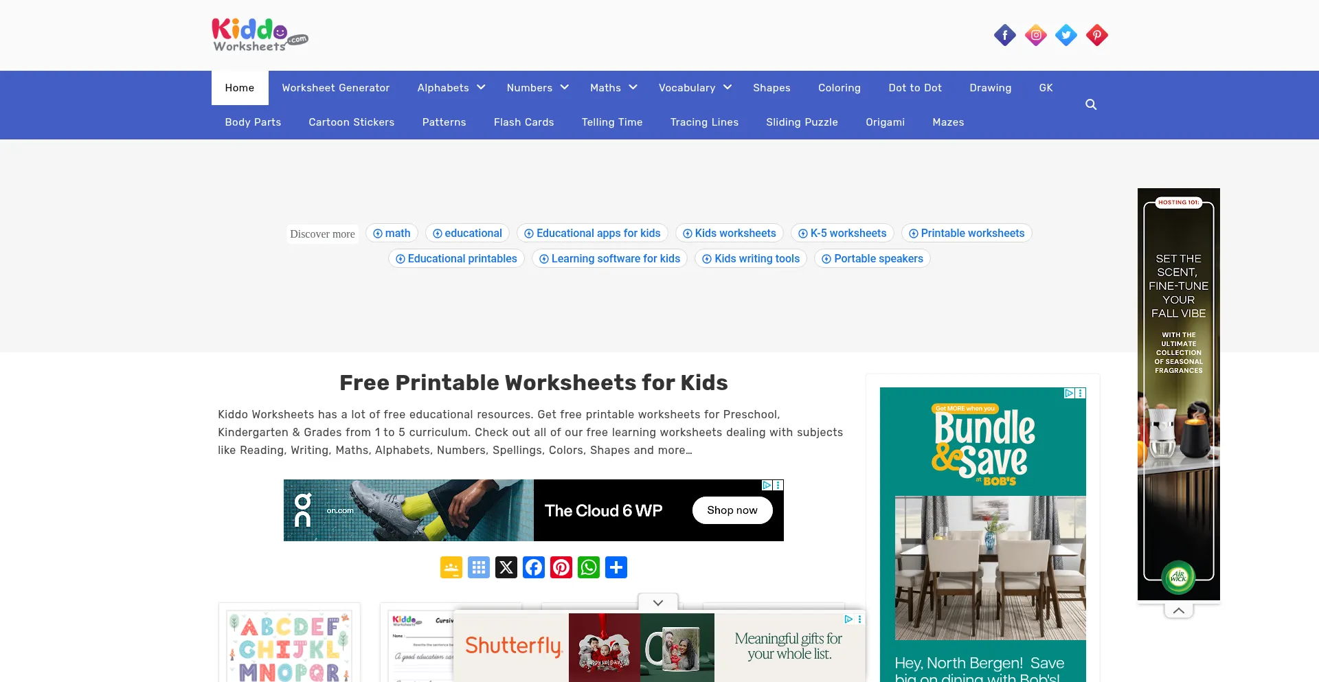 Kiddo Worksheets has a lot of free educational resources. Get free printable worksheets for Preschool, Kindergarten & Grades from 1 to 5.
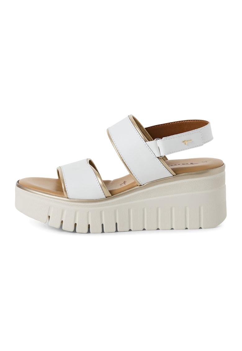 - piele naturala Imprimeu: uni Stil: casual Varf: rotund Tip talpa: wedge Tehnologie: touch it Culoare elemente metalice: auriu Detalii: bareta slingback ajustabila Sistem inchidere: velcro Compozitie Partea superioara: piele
--
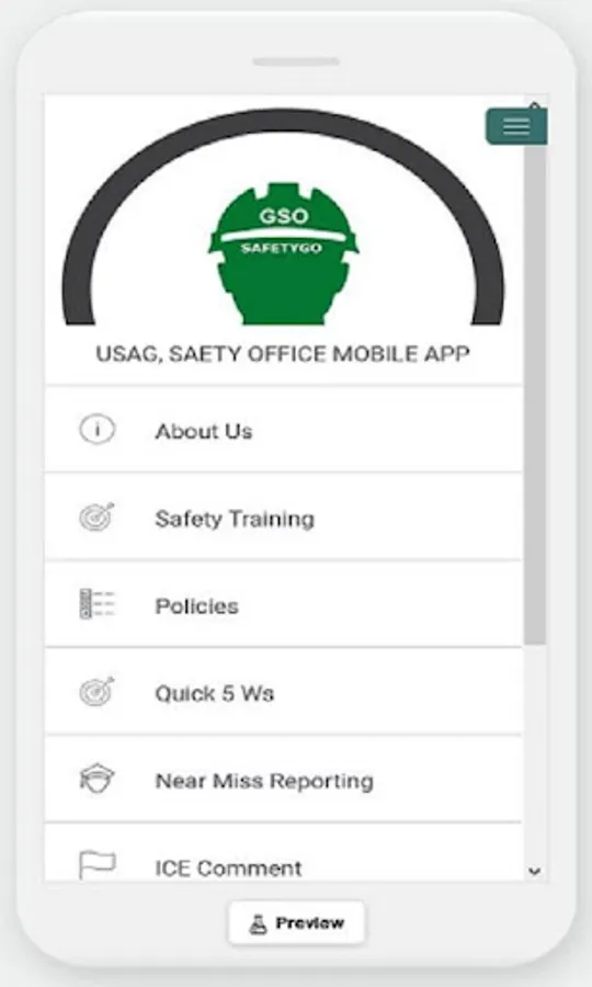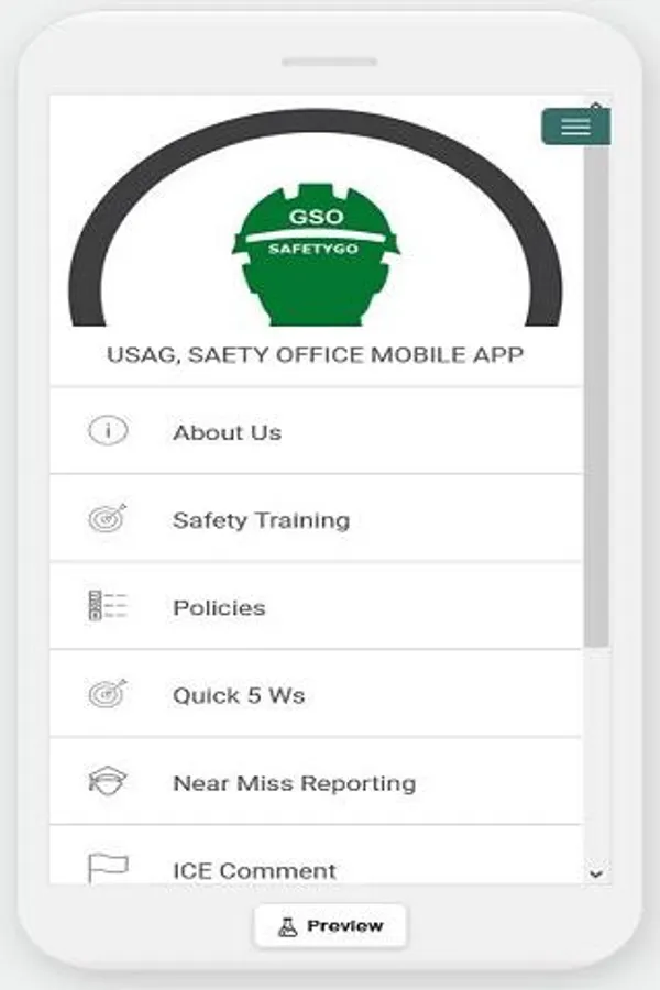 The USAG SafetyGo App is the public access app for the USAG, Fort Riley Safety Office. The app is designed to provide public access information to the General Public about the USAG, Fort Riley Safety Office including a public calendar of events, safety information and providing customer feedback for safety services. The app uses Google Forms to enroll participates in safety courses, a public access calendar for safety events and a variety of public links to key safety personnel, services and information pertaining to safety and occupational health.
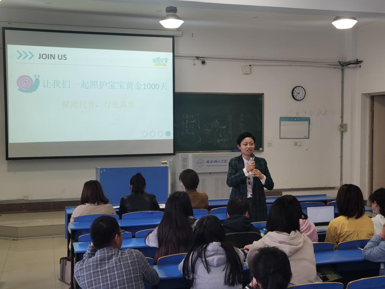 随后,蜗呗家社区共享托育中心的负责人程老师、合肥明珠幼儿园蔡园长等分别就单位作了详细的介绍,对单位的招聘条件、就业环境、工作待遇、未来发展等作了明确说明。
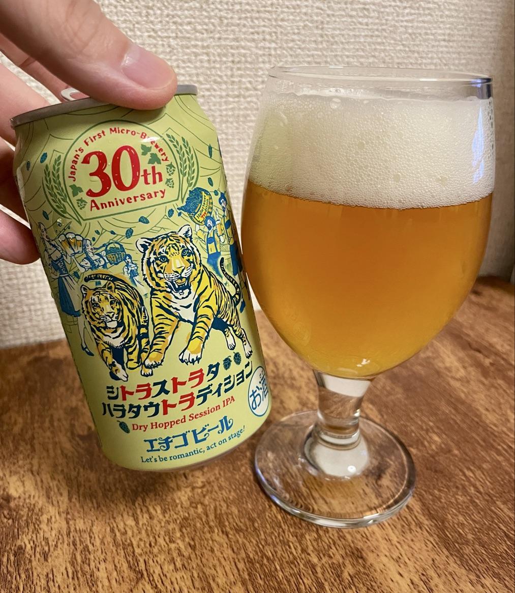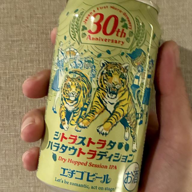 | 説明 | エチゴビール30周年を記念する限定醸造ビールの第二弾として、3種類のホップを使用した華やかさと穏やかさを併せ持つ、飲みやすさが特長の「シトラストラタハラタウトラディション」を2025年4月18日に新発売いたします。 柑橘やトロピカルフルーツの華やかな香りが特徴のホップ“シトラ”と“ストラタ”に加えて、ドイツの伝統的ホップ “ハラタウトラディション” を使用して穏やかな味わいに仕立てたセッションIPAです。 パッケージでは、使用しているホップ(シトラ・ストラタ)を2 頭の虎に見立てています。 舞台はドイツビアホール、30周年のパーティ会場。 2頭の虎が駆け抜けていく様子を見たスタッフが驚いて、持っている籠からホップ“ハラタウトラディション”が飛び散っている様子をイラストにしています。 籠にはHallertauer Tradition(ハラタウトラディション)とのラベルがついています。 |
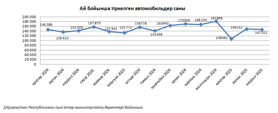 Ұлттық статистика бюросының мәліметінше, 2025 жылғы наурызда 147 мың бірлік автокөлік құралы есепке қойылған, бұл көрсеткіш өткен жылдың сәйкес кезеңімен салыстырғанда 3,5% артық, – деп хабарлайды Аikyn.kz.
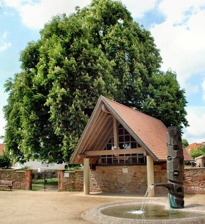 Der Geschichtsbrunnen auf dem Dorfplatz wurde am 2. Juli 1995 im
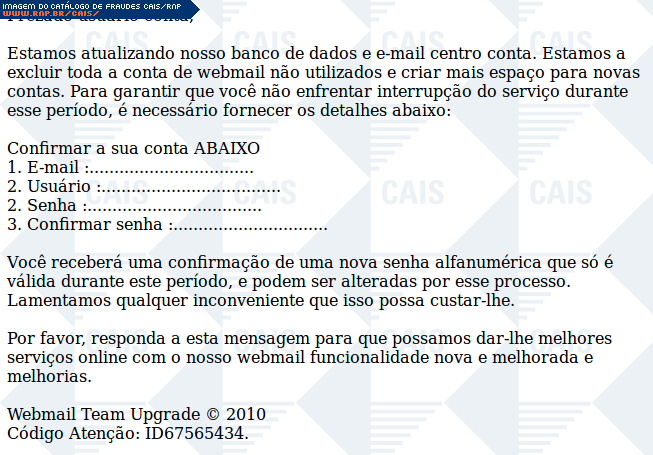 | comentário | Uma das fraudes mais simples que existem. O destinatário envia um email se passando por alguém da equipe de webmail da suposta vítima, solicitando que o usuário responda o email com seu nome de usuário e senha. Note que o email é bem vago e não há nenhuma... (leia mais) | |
--
* [WHAT TO WORK ON] Leaving every picture aside, reproduce exactly the lines above from the one with "Kiddo Worksheets has" up to and including the one with "- piele naturala", and no others.

* [RESULT OF THE TASK]
 Kiddo Worksheets has a lot of free educational resources. Get free printable worksheets for Preschool, Kindergarten & Grades from 1 to 5.
 - piele naturala Imprimeu: uni Stil: casual Varf: rotund Tip talpa: wedge Tehnologie: touch it Culoare elemente metalice: auriu Detalii: bareta slingback ajustabila Sistem inchidere: velcro Compozitie Partea superioara: piele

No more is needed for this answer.